Aerosols - microscopic particles originating from both natural sources (e.g., volcanoes) and human activities (e.g., coal burning).

Albedo - the reflectivity of Earth.

Alternative energy - energy derived from nontraditional sources (e.g., compressed natural gas, solar, hydroelectric, wind).

Biofuel - gas or liquid fuel made from plant material (biomass). Includes wood, wood waste, wood liquors, peat, railroad ties, wood sludge, spent sulfite liquors, agricultural waste, straw, tires, fish oils, tall oil, sludge waste, waste alcohol, municipal solid waste, landfill gases, other waste, and ethanol blended into motor gasoline.

Biomass - technically, the total dry organic matter or stored energy content of living organisms in a given area. Biomass refers to forms of living matter (e.g., grasses, trees) or their derivatives (e.g., ethanol, timber, charcoal) that can be used as fuels.

Biomass energy - energy produced by combusting biomass materials such as wood. The carbon dioxide emitted from burning biomass will not increase total atmospheric carbon dioxide if this consumption is done on a sustainable basis (i.e., if in a given period of time, regrowth of biomass takes up as much carbon dioxide as is released from biomass combustion). Biomass energy is often suggested as a replacement for fossil fuel combustion.

Carbon cycle - general term used in reference to the sum of all reservoirs and flows of carbon on Earth. The flows tend to be cyclic in nature; for example, carbon removed from the atmosphere (one reservoir) and converted into plant tissue (another reservoir) is returned back into the atmosphere when the plant is burned.

Carbon reservoir or sink - within the carbon cycle, the physical site at which carbon is stored (e.g., atmosphere, oceans, Earth’s vegetation and soils, and fossil fuel deposits).

Carbon sequestration - The uptake and storage of carbon. Trees and plants, for example, absorb carbon dioxide, release the oxygen and store the carbon. Fossil fuels were at one time biomass and continue to store the carbon until burned. See also Carbon sinks.

Chlorocarbon - a compound containing chlorine and carbon; examples include carbon tetrachloride and methyl chloroform, both of which are ozone depleters.

Chlorofluorocarbons (CFCs) - compounds containing chlorine, flourine, and carbon; they generally are used as propellants, refrigerants, blowing agents (for producing foam), and solvents. They are identified with numbered suffixes (e.g., CFC-11, CFC-12) which identify the ratio of these elements in each compound. They are known to deplete stratospheric ozone and also are greenhouse gases in that they effectively absorb outgoing infrared radiation in the atmosphere.

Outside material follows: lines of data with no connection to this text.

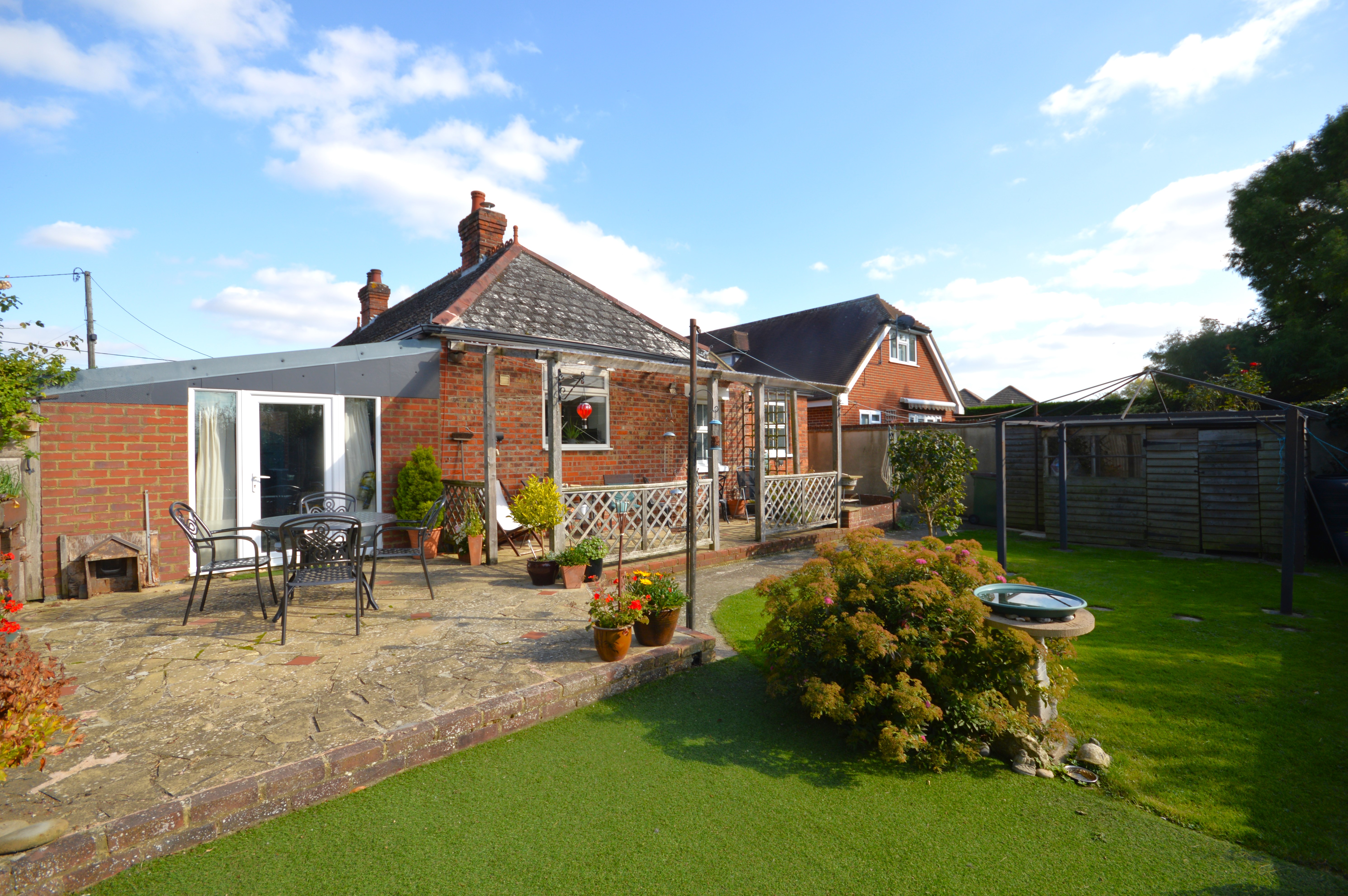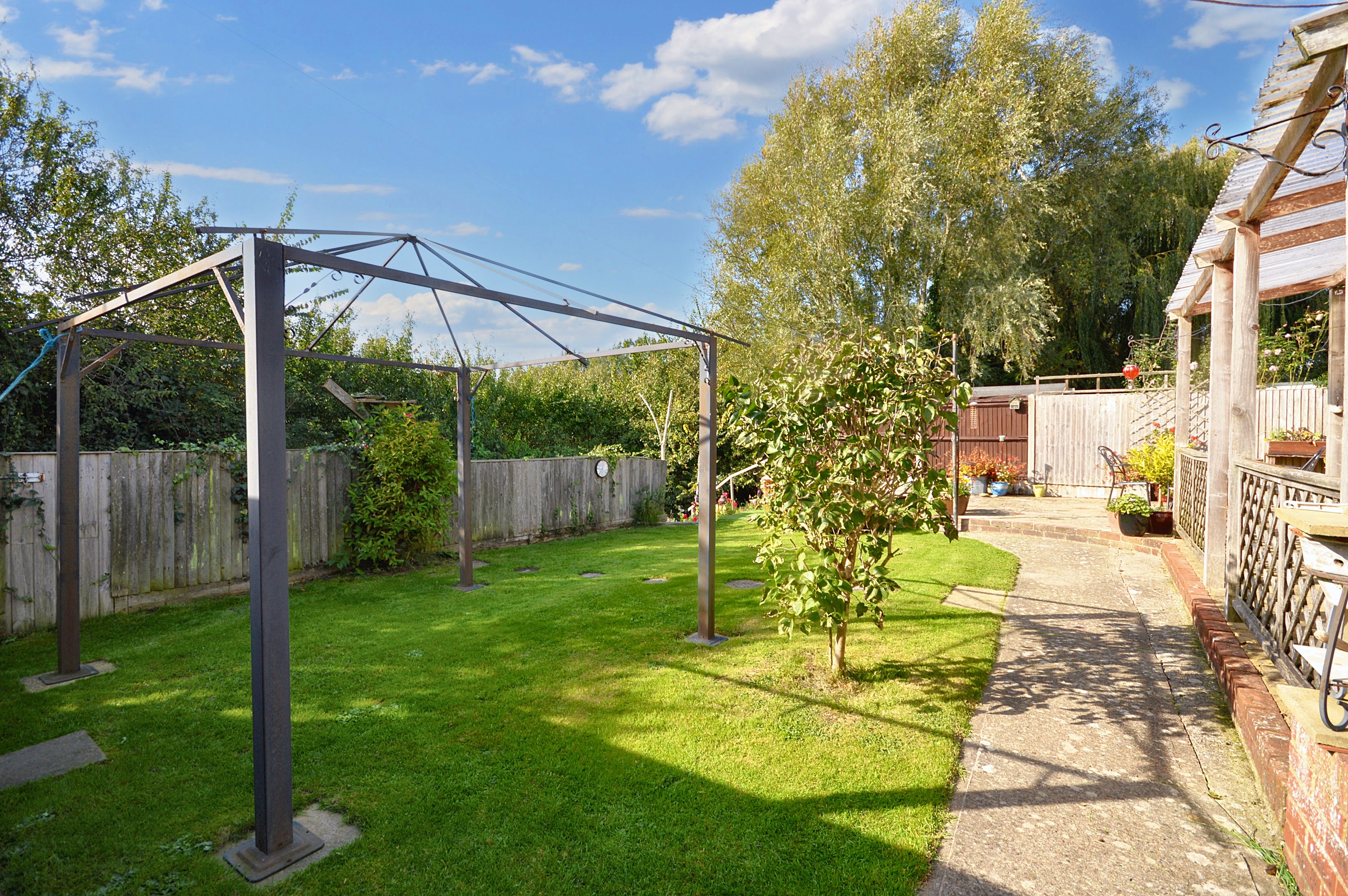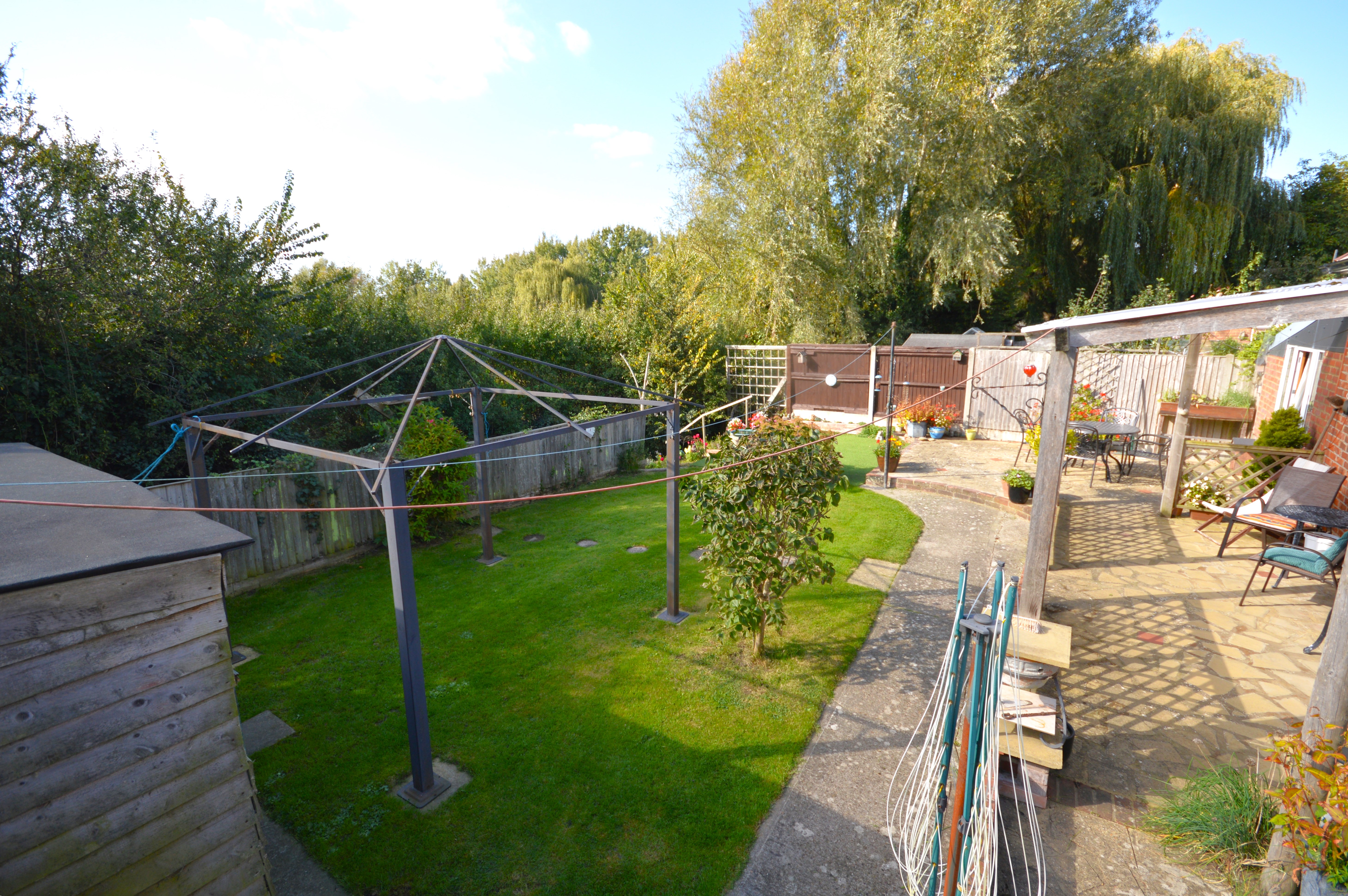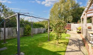 Beautiful garden with patio area, artificial lawn, patioed pergola area. Area with natural laid to lawn. Lots of natural sun light with well established shrubs and foliage.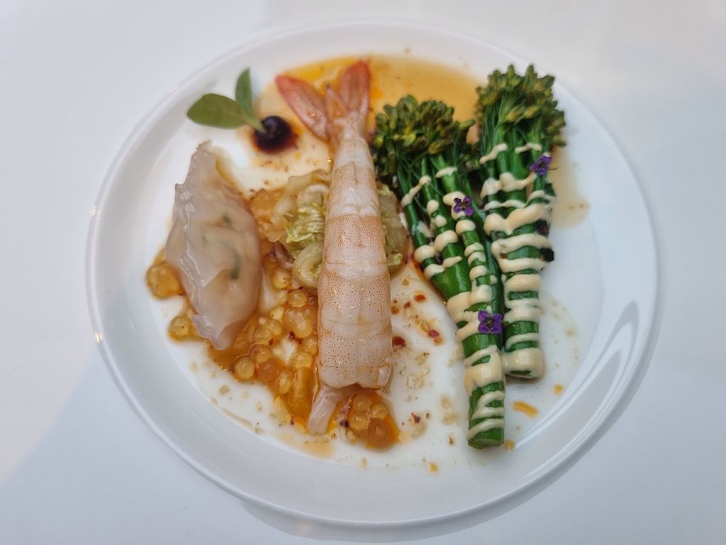 Unser Sommelier entpuppte sich als Sake-Fan und wir konnten uns hier ein wenig austauschen, gerade wo wir schon den ein oder anderen Sake konsumiert haben. Den Sake gab es zu einem Gericht, dass aus den Teehäusern Hong Kongs inspiriert wurde: Har Gow, also eine aus Reismehl hergestellte Teigtasche mit Garnele gefüllt. Dazu eine ganze Garnele aus Bayern, hervorragend in Qualität und Zubereitung. Und abgeschlossen wurde das Ganze durch Chinakohl und wildem Brokkoli.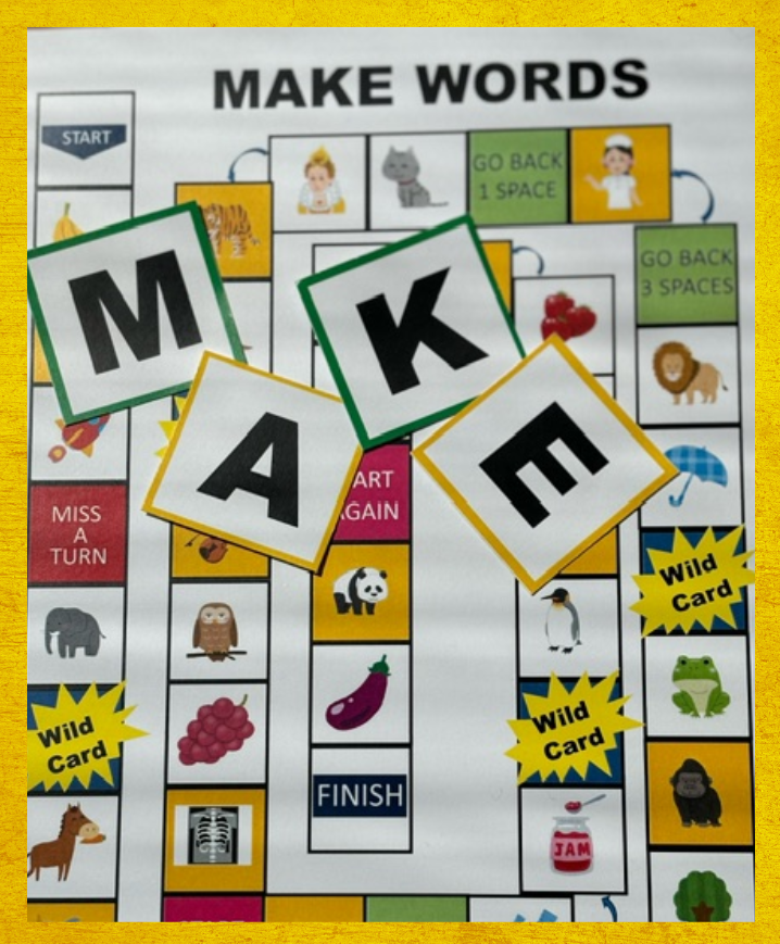 (すごろくシートA4 1枚 単語作成シートA3 10枚 アルファベットカード8枚*)*アルファベットカードは192枚のカードに切り分けてご使用ください。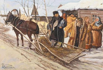 Russischer Maler: Dorfgesellschaft.
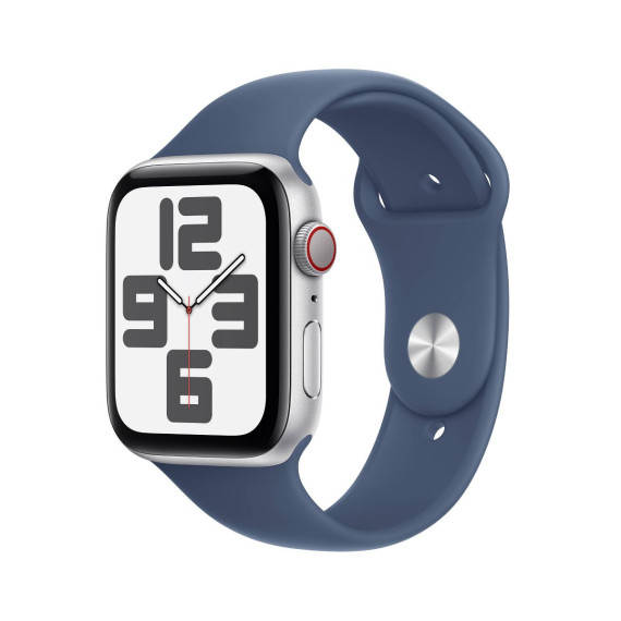 Apple Watch SE GPS + Cellular (2024) 44mm Silver Aluminum Case with Denim Sport Band - M/L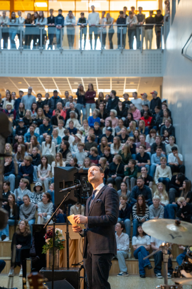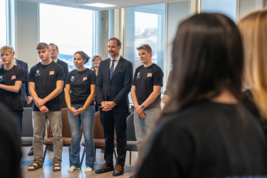 Hans Kongelige Høyhet Kronprins Haakon besøkte i dag Skaun i Trøndelag for å dele ut Dronning Sonjas skolepris 2025. Sammen med kunnskapsminister Kari Nessa Nordtun overrakte han prisen til Skaun ungdomsskole, som er årets mottaker.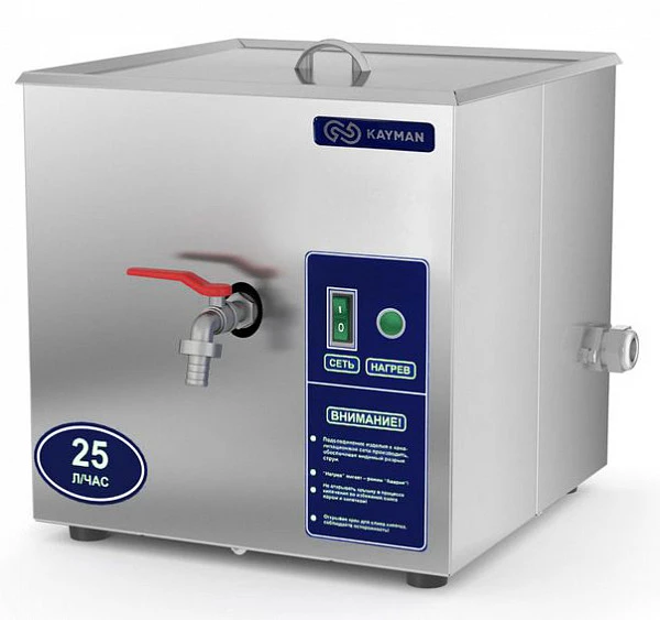Кипятильник Kayman КЭ-01-25 А предназначен для непрерывного приготовления кипятка на предприятиях общественного питания. Горячая вода (кипяток), произведенная в кипятильнике, применяется при варке гарниров, овощей, сосисок, пельменей, при изготовлении горячих напитков и т. д. Кипяток может использоваться для стерилизации кухонной и столовой посуды, столовых приборов.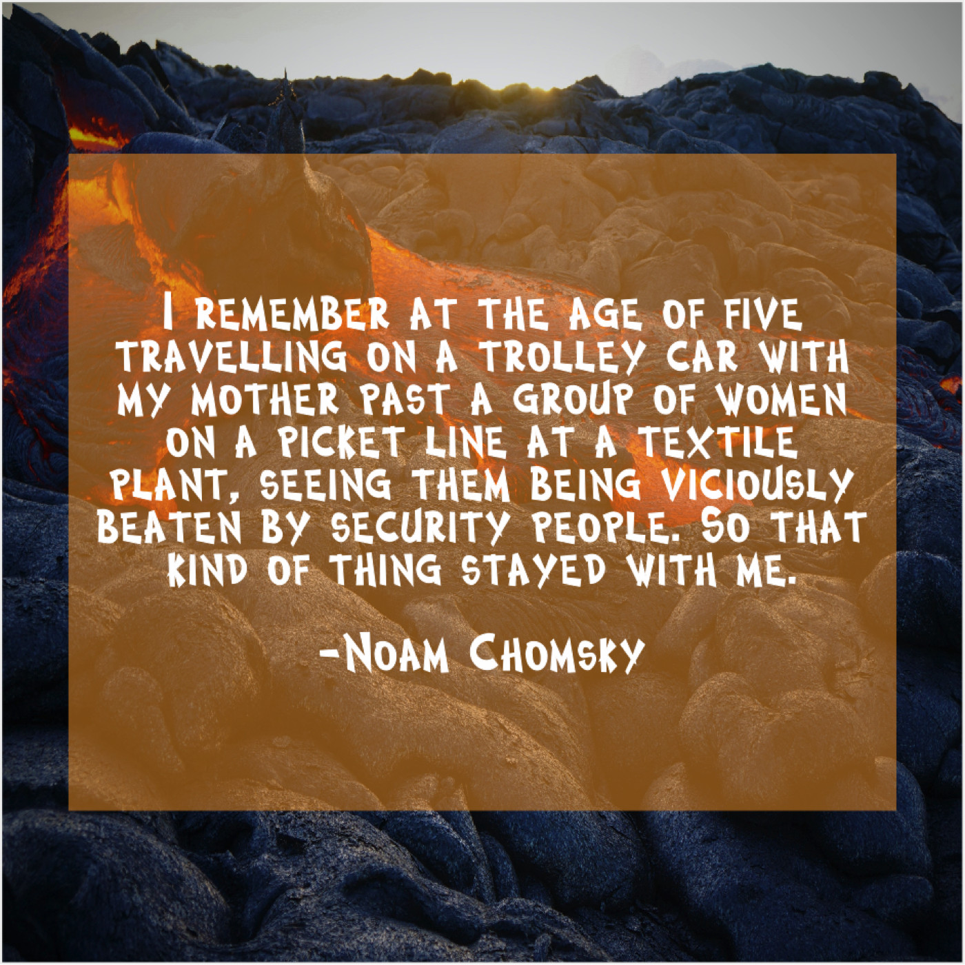 Noam Chomsky Noam Chomsky – I remember at the age… October 13, 2019 admin “I remember at the age of five travelling on a trolley car with my mother past a group of women on a picket line at a textile plant, seeing them being viciously beaten by security people. So that kind of thing stayed with me.”-Noam Chomsky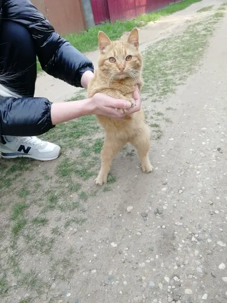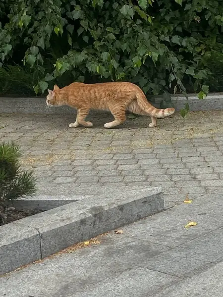 Очень осторожный, но добрый рыжий котик. Если на него посмотреть, то складывается впечатление, что он очень серьезный. Складывается впечатление, что у него торчит язычок. Одно время появлялся около этого дома у подъездов, потом пропал. Его там подкармливали. Будем очень благодарны за любую информацию о нем!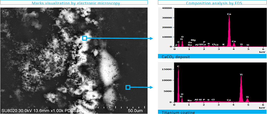 Firstly, the analyses showed that it was a deposit and not a degradation. Secondly, the deposit was nothing more than a residue of limestone on top of the titanium coating, which remained intact.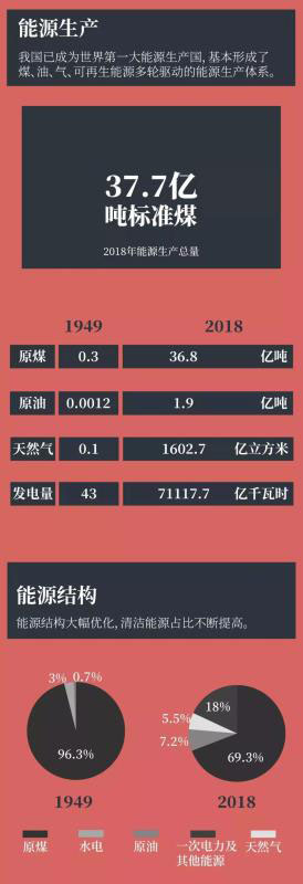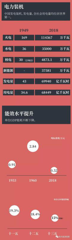中國儲(chǔ)能網(wǎng)訊:中華人民共和國成立70周年以來,能源人篳路藍(lán)縷,取得了不俗的成績。1949年,全中國發(fā)電量僅有43億千瓦時(shí),平均到當(dāng)時(shí)的5.4億人口上,相當(dāng)于每個(gè)中國人只能分到八度電。那是一個(gè)普通人連煤油燈都要省著點(diǎn)的時(shí)代。今天的中國已經(jīng)不可同日而語,來和eo一起看看,70年來能源人做到了什么!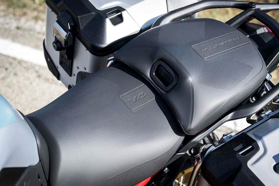 На европейском рынке стандартная комплектация V4 Rally включает электронные подвески и радар, а также тёплые ручки и систему контроля давления в шинах. В США Ducati предлагают только комплектацию Adventure Travel & Radar, которая дополнительно включает алюминиевые боковые кофры, подогрев обоих сидений и весь радарный функционал. Третий вариант комплектации для Европы называется Full Adventure, в него входит глушитель Akrapovic и карбоновое переднее крыло. Как и следовало ожидать от Ducati с начальной ценой 31995 долларов, качество сборки и отделки на высочайшем уровне.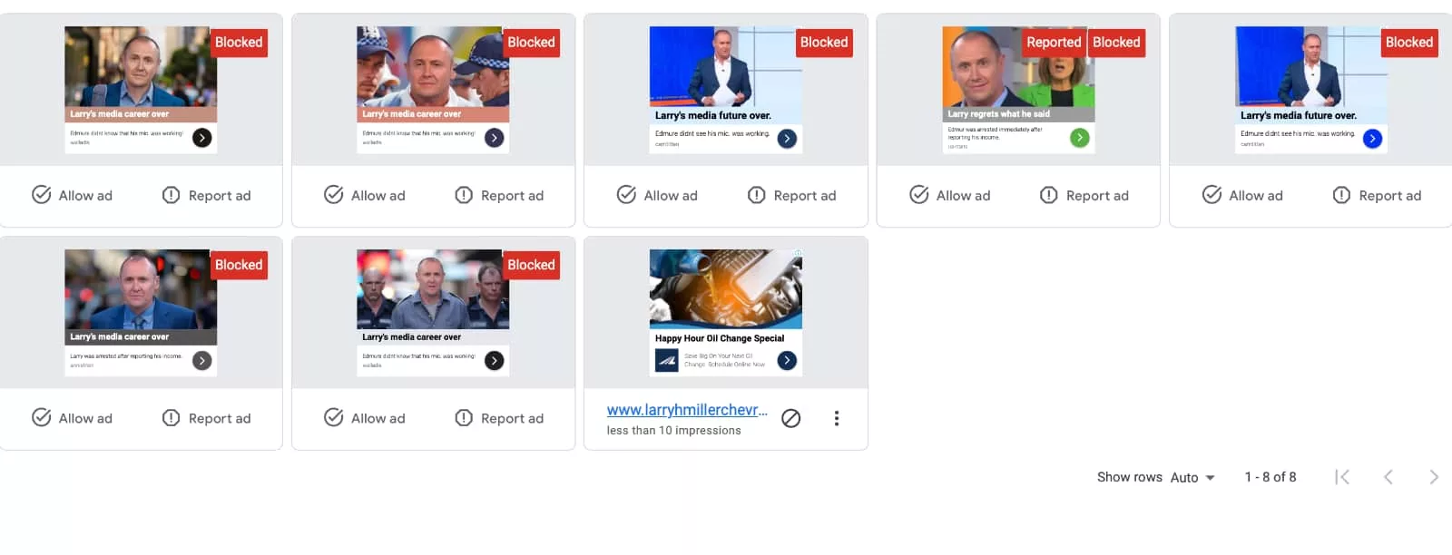 In the Emdur example above, we found the ad in an active state on Meta’s network during the time this story was written, complete with the link to the fake Nine website. Google clearly runs ads for fake Larry, so much that we needed to moderate their appearance on our site, as well. Most of those links go to really unusual international websites, but it doesn’t change the fact that the ads can still be damaging.

Climate - the average weather together with its variability of representations of the weather conditions for a specified area during a specified time interval (usually decades).

Cogeneration - the simultaneous generation of both electric power and heat; the heat, instead of being discharged without further use, is used in some fashion (e.g., in district heating systems).

Deforestation - converting forest land to other vegetation or uses (e.g., cropland, pasture, dams).

Denitrification - microorganisms taking nitrogen out of its fixed form in the soil and putting it back into the atmosphere. Besides yielding molecular nitrogen (N2), denitrification produces nitrous oxide.

Emissions - flows of gases, liquid droplets or solid particles into the atmosphere. Gross emissions from a specific source are the total quantity released. Net emissions are gross emissions minus flows back to the original source. Plants, for example, take carbon from the atmosphere and store it as biomass during photosynthesis, and they release it during respiration, when they decompose, or when they are burned.

 

Fluorocarbon - a compound containing fluorine and carbon; among these are chlorinated flourocarbons (CFCs) and brominated fluorocarbons (halons).

Emission inventory - a list of air pollutants emitted into a community’s, a state’s, a nation’s, or Earth’s atmosphere in amounts per some unit time (e.g., day or year) by type of source. An emission inventory has both political and scientific applications.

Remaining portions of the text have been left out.